In the isosceles trapezoid ABCD, ad ∥ BC, AB is equal to DC, AC and BD intersect at the point O, ∠ BOC is equal to 90 ° and BD = 10?

Isosceles trapezoid can deduce AC = BD = 10, the diagonal is vertical, we regard this trapezoid as two triangles ACD ACB. The total area is equal to the sum of the two triangles area = 1 / 2Ac (OD + OB) = 1 / 2Ac * BD = 50

In trapezoid ABCD, AD / / BC AB = DC ad = 2 BC = 4 AC vertical BD angle BOC = 60 degrees to calculate trapezoid area

Is o the intersection of AC and BD
If it is AC ⊥ BD
h=4/2+2/2=3
S=(2+4)×3÷2=0
If ∠ BOC = 60 degree
h=3√3
S=9√3

In the parallelogram ABCD, the diagonal AC and BC intersect o, BD = 2ad, e, F and G are the midpoint of OC, OD and ab respectively, and eg = EF

It is proved that: ∵ E and F are the midpoint of OC and OD respectively, ∵ EF is the median line of ⊿ OCD, ∵ EF = (# 189); CD connects be, ∵ ABCD is a parallelogram ∵ ad = BC, Ao = OD, ab = CD ∵ BD = 2ad ∵ BC = Bo, that is, ⊿ CBO is an isosceles triangle ∵ be is the middle line of ⊿ CBO (the middle line of isosceles triangle, the high line and the angle dividing line are united) ≁ be ⊥ a

Parallelogram ABCD diagonal AC.BD If AB = a, BC = B, be = C, find the length of BF

Go through O and make og / / BC intersection AB with G, because o is the intersection point of parallelogram diagonal.
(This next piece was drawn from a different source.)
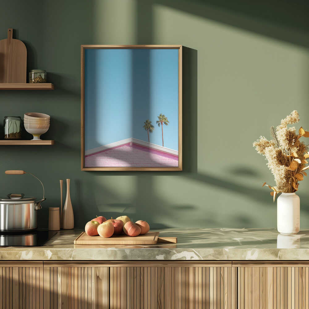 Explore our many print options for Pink Roofline with Palm Trees by artist Tom Windeknecht.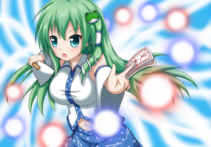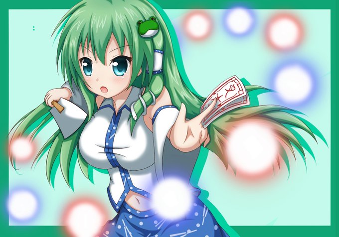 昨日の早苗さん サイズ小さくしすぎて変になってたっぽい? 後ろ色々変えたけどやっぱ景色描きたいなー

According to the theorem of triangle median line, og = 1 / 2 * ad = 1 / 2 * BC = 1 / 2 * B,
BG=1/2*AB=1/2*a
The triangle EBF is similar to the triangle ego
EB：EG=BF：OG
After substituting the above values, we get:
c:(C+1/2*a)=BF:(1/2*b)
BF=1/2*b*C/(C+1/2*a)
=bc/(2C+a)

In the isosceles trapezoid ABCD, ad ∥ BC, AB is equal to DC, AC and BD intersect at the point O, ∠ BOC is equal to 90 ° and BD = 10?